Find the line below with "Le piquet de grève." and the line with "UWAGA: Specyfiką okleiny". Output exactly those lines and everything between them, leaving out the pictures.

=-=-=

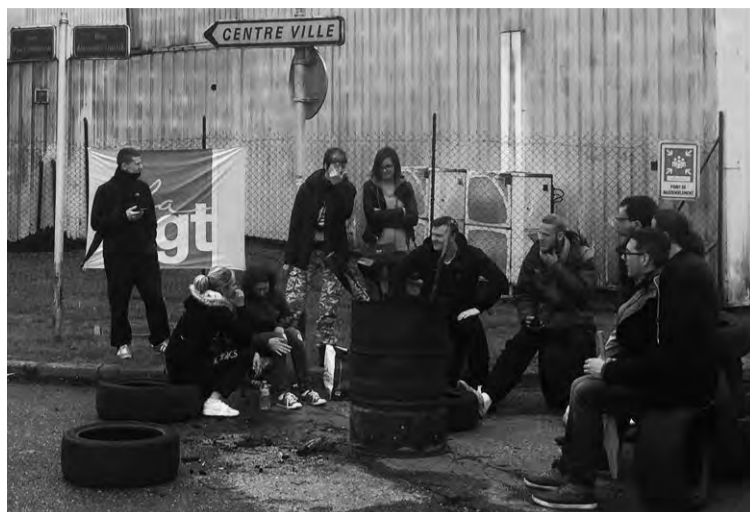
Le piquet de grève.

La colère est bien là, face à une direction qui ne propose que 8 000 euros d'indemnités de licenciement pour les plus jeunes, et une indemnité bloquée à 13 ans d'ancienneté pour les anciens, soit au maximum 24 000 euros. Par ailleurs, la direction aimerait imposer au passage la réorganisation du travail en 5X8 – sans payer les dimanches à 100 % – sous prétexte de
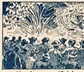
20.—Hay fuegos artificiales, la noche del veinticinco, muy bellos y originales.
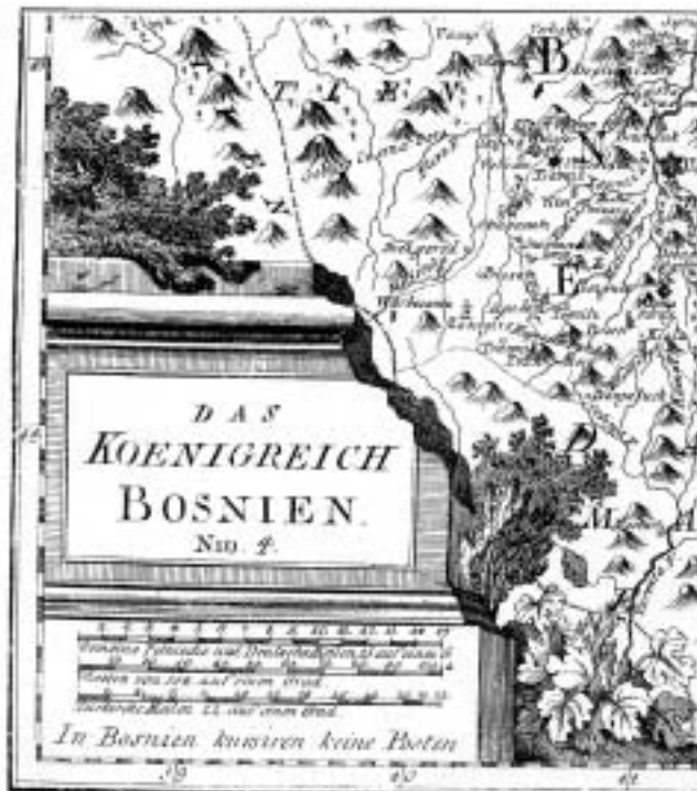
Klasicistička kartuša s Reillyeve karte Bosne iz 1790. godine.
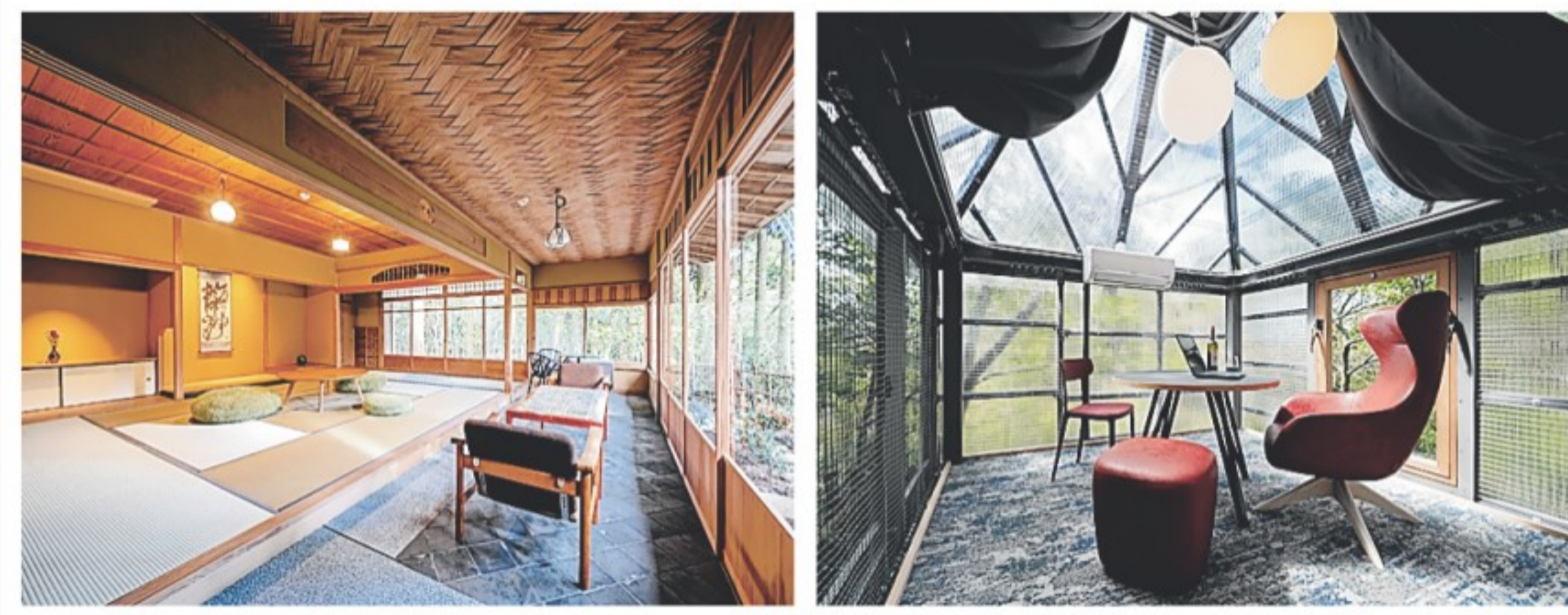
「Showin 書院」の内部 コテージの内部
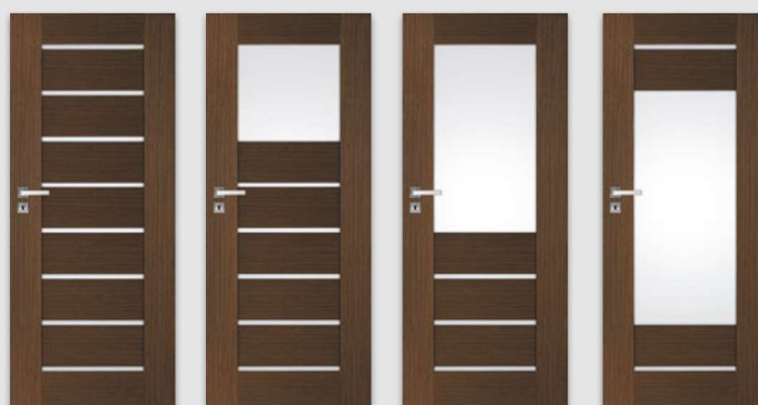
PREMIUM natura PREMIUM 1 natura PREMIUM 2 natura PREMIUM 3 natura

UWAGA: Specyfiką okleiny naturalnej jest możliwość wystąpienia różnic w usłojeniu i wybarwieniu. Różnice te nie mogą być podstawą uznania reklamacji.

=-=-=

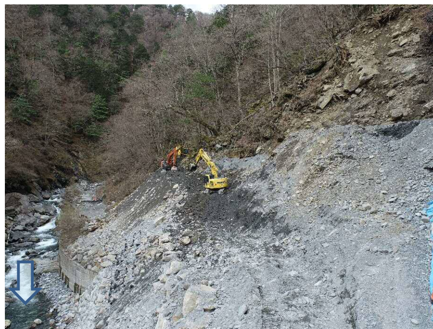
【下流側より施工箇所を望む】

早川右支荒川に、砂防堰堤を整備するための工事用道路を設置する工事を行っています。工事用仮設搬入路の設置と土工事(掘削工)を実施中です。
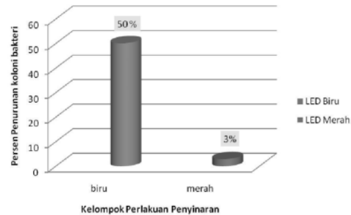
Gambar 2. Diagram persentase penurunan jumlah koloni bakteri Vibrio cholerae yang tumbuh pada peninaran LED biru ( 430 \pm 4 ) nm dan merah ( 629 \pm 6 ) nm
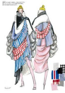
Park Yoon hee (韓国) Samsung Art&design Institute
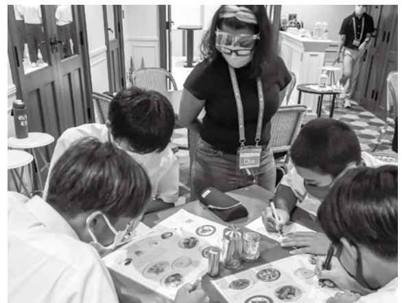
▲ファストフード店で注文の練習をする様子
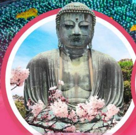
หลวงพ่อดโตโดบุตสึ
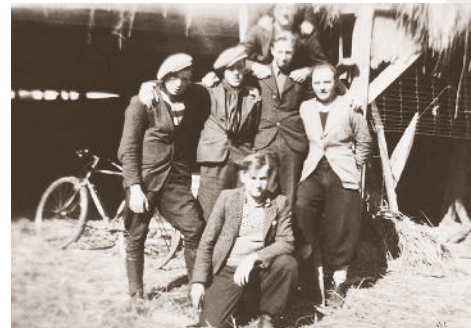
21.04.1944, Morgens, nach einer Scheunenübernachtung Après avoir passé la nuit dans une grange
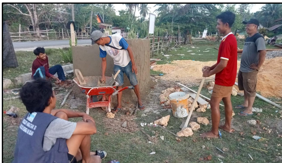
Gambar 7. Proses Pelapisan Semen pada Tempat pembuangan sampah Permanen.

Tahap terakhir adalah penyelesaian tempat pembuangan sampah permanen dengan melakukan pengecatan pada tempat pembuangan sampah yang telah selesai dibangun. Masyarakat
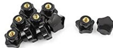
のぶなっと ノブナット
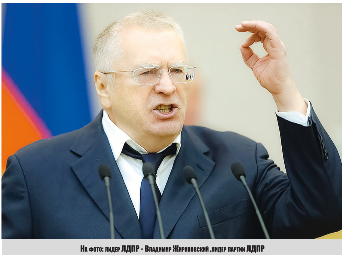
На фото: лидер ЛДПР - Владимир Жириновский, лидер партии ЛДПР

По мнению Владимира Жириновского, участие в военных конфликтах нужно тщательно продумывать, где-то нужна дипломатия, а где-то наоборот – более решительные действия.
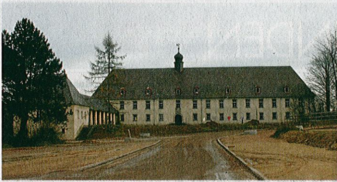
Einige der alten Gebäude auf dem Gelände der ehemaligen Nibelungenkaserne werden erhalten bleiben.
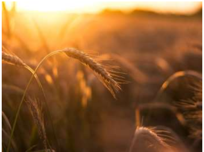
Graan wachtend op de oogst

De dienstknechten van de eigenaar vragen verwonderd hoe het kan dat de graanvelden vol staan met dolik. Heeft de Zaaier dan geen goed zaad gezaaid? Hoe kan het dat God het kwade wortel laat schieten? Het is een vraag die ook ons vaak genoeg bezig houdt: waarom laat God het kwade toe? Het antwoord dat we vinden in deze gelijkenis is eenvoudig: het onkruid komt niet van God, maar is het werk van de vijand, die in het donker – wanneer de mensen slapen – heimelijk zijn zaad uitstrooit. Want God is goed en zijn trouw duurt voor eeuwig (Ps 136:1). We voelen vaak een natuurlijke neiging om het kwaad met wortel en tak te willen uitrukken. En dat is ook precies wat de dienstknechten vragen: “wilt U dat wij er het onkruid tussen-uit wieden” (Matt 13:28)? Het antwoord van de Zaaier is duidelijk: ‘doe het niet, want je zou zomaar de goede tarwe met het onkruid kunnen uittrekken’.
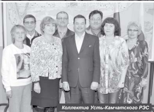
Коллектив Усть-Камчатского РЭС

=-=-=

■ Response
Le piquet de grève.

La colère est bien là, face à une direction qui ne propose que 8 000 euros d'indemnités de licenciement pour les plus jeunes, et une indemnité bloquée à 13 ans d'ancienneté pour les anciens, soit au maximum 24 000 euros. Par ailleurs, la direction aimerait imposer au passage la réorganisation du travail en 5X8 – sans payer les dimanches à 100 % – sous prétexte de
20.—Hay fuegos artificiales, la noche del veinticinco, muy bellos y originales.
Klasicistička kartuša s Reillyeve karte Bosne iz 1790. godine.
「Showin 書院」の内部 コテージの内部
PREMIUM natura PREMIUM 1 natura PREMIUM 2 natura PREMIUM 3 natura

UWAGA: Specyfiką okleiny naturalnej jest możliwość wystąpienia różnic w usłojeniu i wybarwieniu. Różnice te nie mogą być podstawą uznania reklamacji.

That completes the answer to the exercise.